FIG. 4 is a diagram showing an oil hydraulic circuit of the automatic transmission.

FIG. 5 is a diagram showing a system configuration of a control apparatus according to an embodiment.

FIG. 6 is a graph showing static demand engine torque.

FIG. 7 is a diagram showing an engine model represented by a primary delay function.

FIG. 8 is a diagram showing an engine model represented by a secondary delay function.

FIG. 9 is a diagram showing dynamic demand engine torque obtained by restricting the static demand engine torque with a limit value determined in accordance with a response property of a device.

FIG. 10 is a diagram (1) showing a method of converting dynamic demand engine torque/demand drive force into static demand engine torque/demand drive force.

FIG. 11 is a diagram (2) showing a method of converting the dynamic demand engine torque/demand drive force into the static demand engine torque/demand drive force.

BEST MODES FOR CARRYING OUT THE INVENTION

An embodiment of the present invention will be described below with reference to the drawings. In the following description, the same parts are given the same reference numerals. Names and functions thereof are all the same. Therefore, a detailed description thereof will not be repeated.

With reference to FIG. 1, a vehicle with a control apparatus according to the embodiment of the present invention installed will be described. This vehicle is an FR (Front engine Rear drive) vehicle. It should be noted that this vehicle may be a vehicle other than the FR vehicle.

The vehicle includes an engine 1000, an automatic transmission 2000, a torque converter 2100, a planetary gear unit 3000 constituting part of automatic transmission 2000, an oil hydraulic circuit 4000 constituting part of automatic transmission 2000, a propeller shaft 5000, a differential gear 6000, rear wheels 7000, and an ECU (Electronic Control Unit) 8000.

Engine 1000 is an internal combustion engine for combusting an air-fuel mixture of fuel injected from an injector (not shown) and the air in a combustion chamber of a cylinder. A piston in the cylinder is pushed down by the combustion and a crankshaft is rotated. An auxiliary machine 1004 such as an alternator and an air conditioner is driven by engine 1000. Output torque of engine 1000 (engine torque TE) is changed in accordance with an actuated amount of an electronic throttle valve 8016, that is, a throttle opening position or the like.

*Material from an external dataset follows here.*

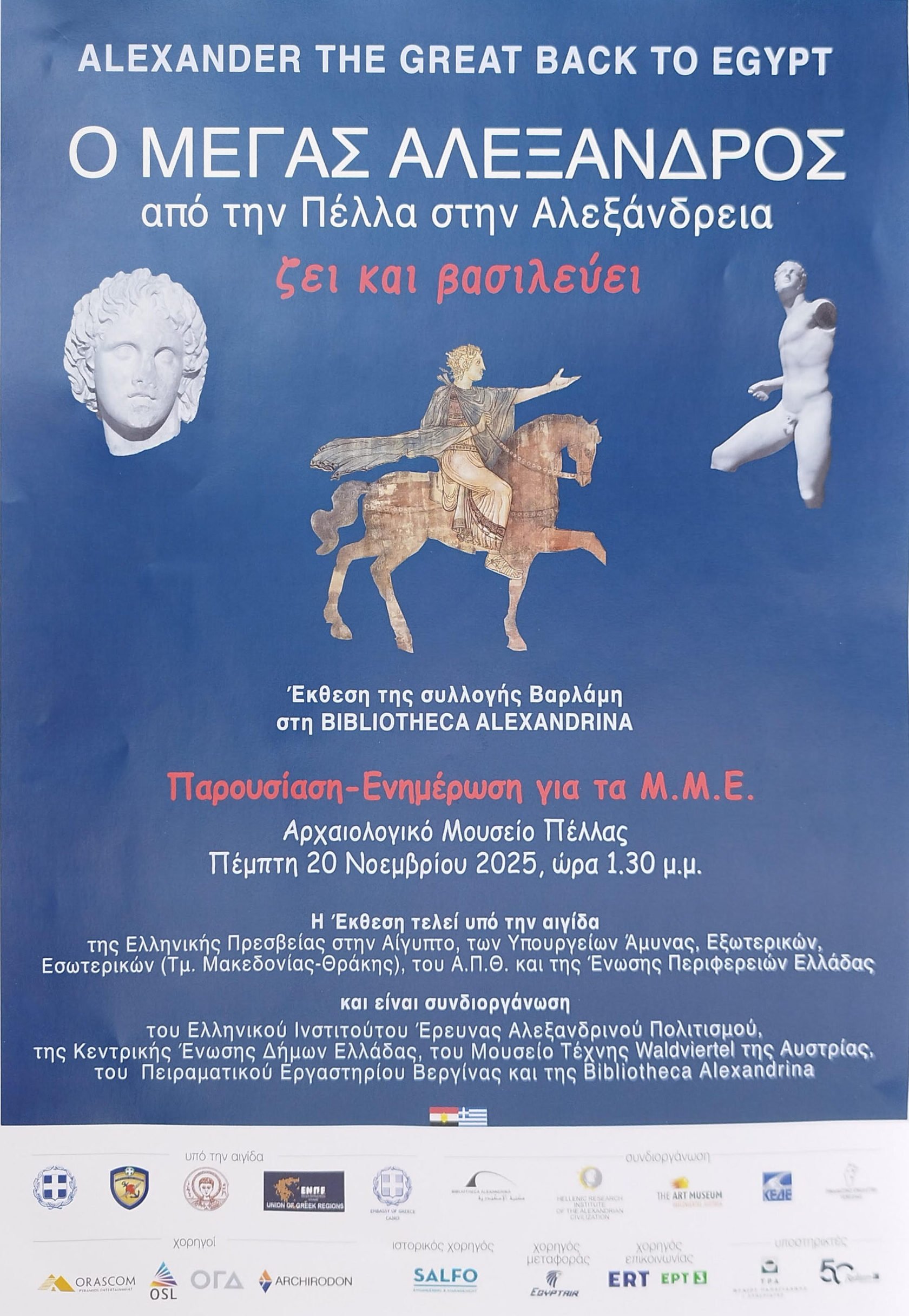 Η ανακοίνωση της έκθεσης έγινε στο Αρχαιολογικό Μουσείο Πέλλας, όπου η προϊσταμένη της Εφορείας Αρχαιοτήτων, Ελισάβετ Τσιγαρίδα, υπογράμμισε πως η αρχαία Πέλλα συνδέθηκε με τη Βόρεια Αφρική και την Ασία, δημιουργώντας «υπόστρωμα συμπερίληψης» που «δεν θα υπήρχε χωρίς τον Αλέξανδρο». Η ίδια σημείωσε ότι η έκθεση ενώνει «δύο μεγάλους πολιτισμούς» και αναφέρθηκε στην πρόοδο των έργων για τα εγκαίνια του Ανακτόρου της Πέλλας, «του σπιτιού του Αλεξάνδρου».

It should be noted that a motor may be used as a power source instead of or in addition to engine 1000. Alternatively, a diesel engine may be used. In the diesel engine, output torque is changed in accordance with the valve opening time of the injector (the actuated amount), that is, a fuel injection amount.

Automatic transmission 2000 is coupled to engine 1000 with torque converter 2100 interposed therebetween. Automatic transmission 2000 implements a desired gear so as to shift the revolution number of the crankshaft to a desired revolution number. It should be noted that a CVT (Continuously Variable Transmission) for continuously changing a gear ratio may be installed instead of the automatic transmission implementing a gear. Further, another automatic transmission configured by an constant-meshing type gear shifted by an oil hydraulic actuator or an electric motor may be installed.

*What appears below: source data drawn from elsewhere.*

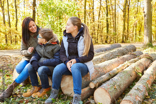 Familie mit Mutter und zwei Kindern sitzt im Wald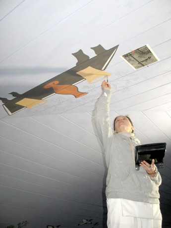 Restauratorių darbas varginantis: tapyti reikia iškeltomis rankomis.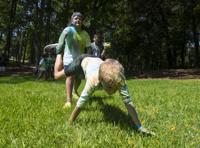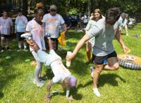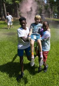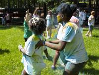 Cliff Williams / The Outlook Campers and counselors take part in the color games at Camp Conquest at Children’s Harbor. The camp is for child burn victims to give them an opportunity to be a kid.

Drive force outputted from automatic transmission 2000 is transmitted to right and left rear wheels 7000 through propeller shaft 5000 and differential gear 6000.

A position switch 8006 of a shift lever 8004, an accelerator pedal position sensor 8010 of an accelerator pedal 8008, an air flow meter 8012, a throttle opening position sensor 8018 of electronic throttle valve 8016, an engine speed sensor 8020, an input shaft speed sensor 8022, an output shaft speed sensor 8024, an oil temperature sensor 8026, and a water temperature sensor 8028 are connected to ECU 8000 with a harness and the like interposed therebetween.

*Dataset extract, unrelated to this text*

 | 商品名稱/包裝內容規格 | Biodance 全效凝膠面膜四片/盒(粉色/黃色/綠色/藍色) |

A position of shift lever 8004 is detected by position switch 8006, and a signal representing a detection result is transmitted to ECU 8000. The gear of automatic transmission 2000 is automatically implemented in response to the position of shift lever 8004. A driver may select a manual shift mode in which the driver can select any gear in accordance with operations of the driver.

Accelerator pedal position sensor 8010 detects a position of accelerator pedal 8008 and transmits a signal representing a detection result to ECU 8000. Air flow meter 8012 detects an amount of air to be taken in engine 1000 and transmits a signal representing a detection result to ECU 8000.

Throttle opening position sensor 8018 detects an opening position of electronic throttle valve 8016 adjusted by an actuator and transmits a signal representing a detection result to ECU 8000. The amount of air to be taken in engine 1000 is adjusted by electronic throttle valve 8016.

It should be noted that the amount of air to be taken in engine 1000 may be adjusted by a variable valve lift system of changing the lift amount or opening/closing phase of an inlet valve (not shown) or an outlet valve (not shown) instead of or in addition to electronic throttle valve 8016.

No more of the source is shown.